As a photographer and as a traveller I struggled for years to understand our relationships to pools. Why would you want a pool when you live by the sea? Why would you want a pool when you travel to a seaside resort? It may be that only age can bring an understanding of the pleasures of the lagoon bar. But it has taken me twenty years of travelling to some of the driest places on earth to understand the specialness of places where water collects naturally or is gathered deliberately in the making of a pool. When we are near these places something magical happens – I think the deep “fishy evolutionary ancestry” of our brains intuitively knows the value of water.

There is something quite special about photographing people in a real place. The typical studio portrait insists on a harsh scrutiny of a subject’s physical features. In the white, grey or black background, there is nothing to distract the viewer and there are few cues as to the sitter’s status. Styling, fashion and accessories are the only cultural identifiers that help us locate the subject in time and societal hierarchy. Place them in a real environment, however, and a world of information and relationships can be assumed and presumed. And for this commission, the idea was to place the subjects in a site of their choosing, inviting the viewer into their world.

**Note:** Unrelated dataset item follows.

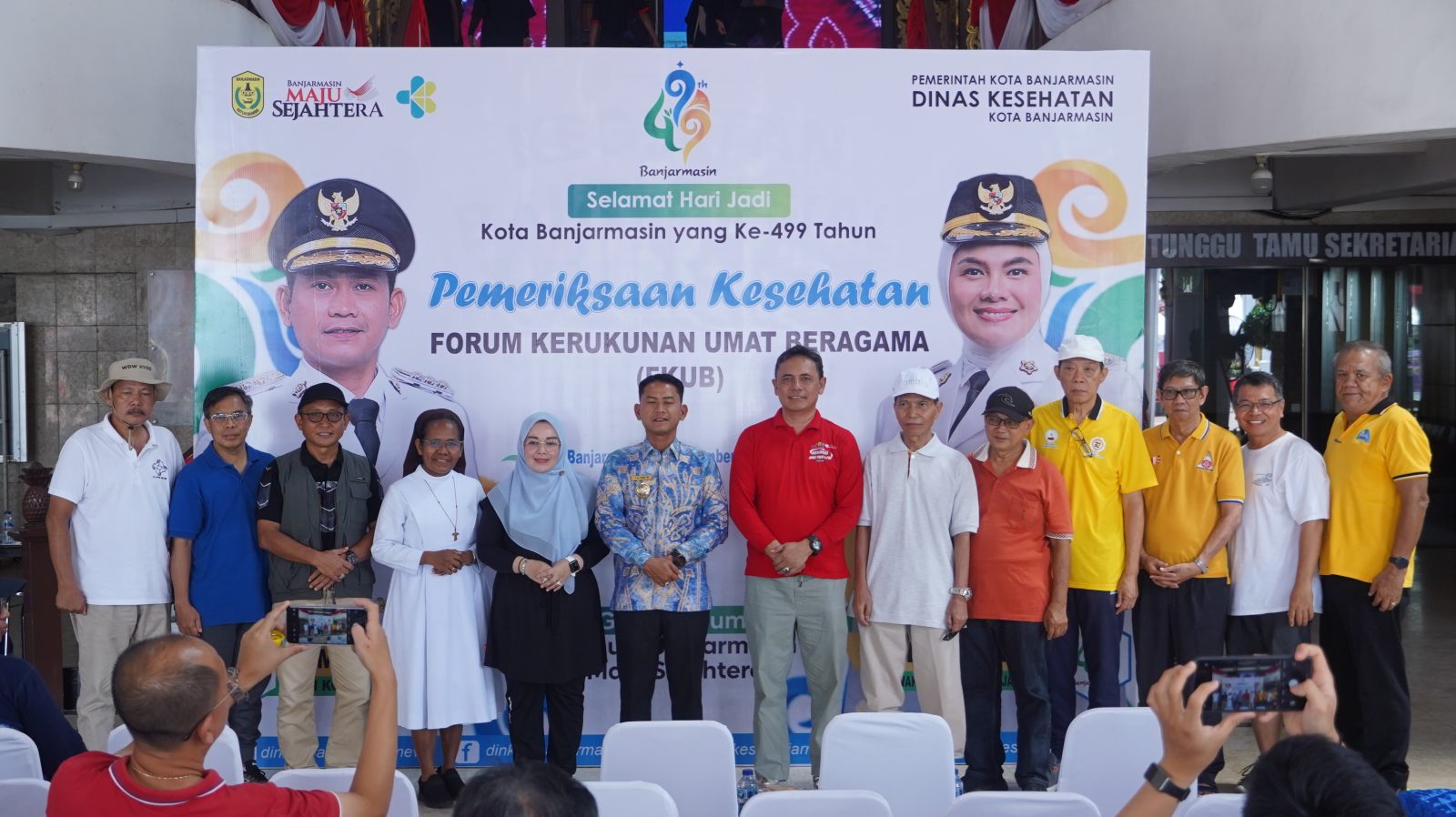 RETORIKABANUA.ID, Banjarmasin – Dalam rangka memperingati Hari Jadi ke-499 Kota Banjarmasin, Pemerintah Kota melalui Dinas Kesehatan menggelar kegiatan pemeriksaan kesehatan bagi tokoh lintas agama yang tergabung dalam Forum Kerukunan Umat Beragama (FKUB), Minggu (14/9). Kegiatan ini berlangsung di Lobby Balai Kota Banjarmasin.

All photographers have tricks to help the sitter feel comfortable, especially for those outside the selfie generation. I particularly love the stuffed toy monkey or dinosaur that wraps around a camera for kids’ portraits. But tricks were not necessary for these portraits. As we talked, the magic of the pool seemed to charm them and they were calm. As was I.

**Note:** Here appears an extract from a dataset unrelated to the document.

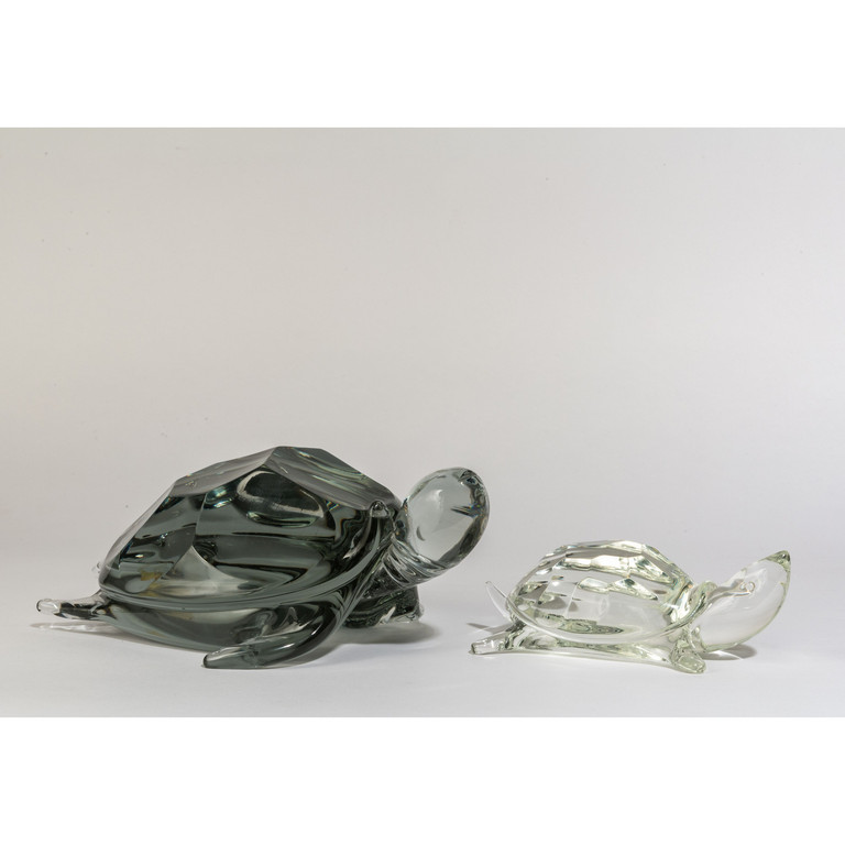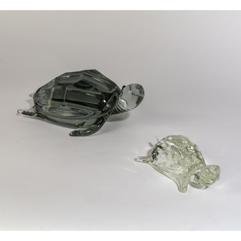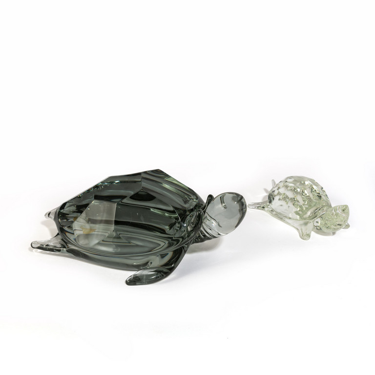 Due tartarughe in cristallo con dorso molato. La grande con etichetta originale.

Australian writer Christos Tsiolkas. Image:  Brett Boardman

I suspect all twenty-four million of us have stories from the pool; some dangerous, some delightful and some embarrassing. My strongest memories from childhood are of summers spent at the pool drying on the blisteringly hot concrete, picking scabs and surveying the toddler’s pool (half a foot deep and centrally adorned with a slippery and insanely dangerous concrete walrus), the middle pool (three feet deep and tiled in the colour of my grandmother’s chenille bedspread) and the Olympic pool (a six-foot-deep superhighway of eight fifty-metre-long lanes). We bombed our friends. Did “horseys.” Held our breath in testosterone-fuelled underwater dares. The school swimming carnival was my favourite day of the year. After so many school days wondering what Yvette (probably not her real name) looked like in her underwear, I was thrilled when the Catholic school magically introduced a day where everyone could wear their swimsuits – i.e. next to nothing! A day filled with eroticism, nervousness and body self-consciousness. I chipped my front tooth on the pool edge escaping the eyes of a girl I had a crush on. I was wearing the delightfully and unfortunately appropriately nicknamed “dick-stickers.” Ah, the pool.

An Australian version of the agora, the piazza or the plaza – our pools are timely environments to capture as portraits of us to send to Venice. The next time your accountant mentions asset pooling, let your mind wander and reflect on your memories of the pool. I hope that these images come to mind, of great and generous Australians who share our national deep and abiding relationship to our most precious commodity and where it gathers in special places.